AI Platform Extracts Financial Data From Litigation Documents in Minutes
eFraud Services announced eFraud Investigator, an AI platform designed to convert thousands of pages of financial documents into usable evidence for litigation. The tool extracts data from PDFs, digitizes it, and verifies transactions against statement balances - a process that typically requires manual work by legal associates.
In high-net-worth divorce and fraud cases, opposing counsel often produces massive document dumps with redacted or rotated pages to slow discovery. Traditional e-discovery software makes these files searchable but leaves the numbers unusable for analysis.
What the Platform Does
eFraud Investigator handles redacted and rotated documents, extracting transaction data with what the company claims is nearly 100% accuracy. The platform automatically verifies extracted figures against the statement's ending balance, ensuring the data matches the source document.
The tool includes a dashboard that visualizes fund flows instantly, allowing attorneys to assess case viability before committing to forensic accounting work.
The Business Case
For law firms, the platform reduces billable hours spent on data entry.
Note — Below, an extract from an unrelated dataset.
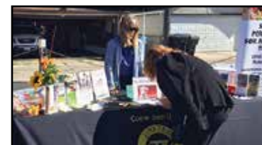
St. Bruno Blocktober Fest

Barbara Steinberg, CEO of eFraud Services, said: "In litigation, data integrity is everything. eFraud Investigator delivers virtually 100% extraction accuracy and automatically verifies every transaction against the statement's ending balance - ensuring the evidence you present is mathematically identical to the source documents provided in discovery."
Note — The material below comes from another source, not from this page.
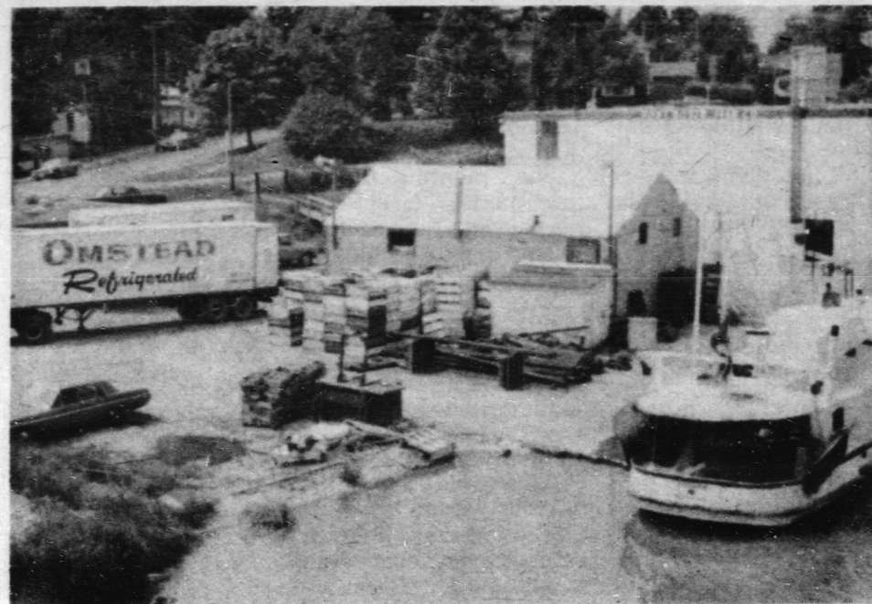
AT PORT DOVER - A fish tug docks at a processing plant as a refrigerated trailer - truck waits for a load of fish. (staff photo)

Steinberg founded the company in January 2020 with Robert Hayum as COO. Steinberg spent over 20 years analyzing bank statements and financial documents for federal, state, and local government agencies, law firms, and forensic accounting firms. Hayum held senior technology roles at Revlon and Coopers & Lybrand (now PwC).
The company is based in Naples, Florida. For finance professionals working in litigation support or forensic accounting, this addresses a specific operational bottleneck: converting static documents into structured data that can withstand courtroom scrutiny.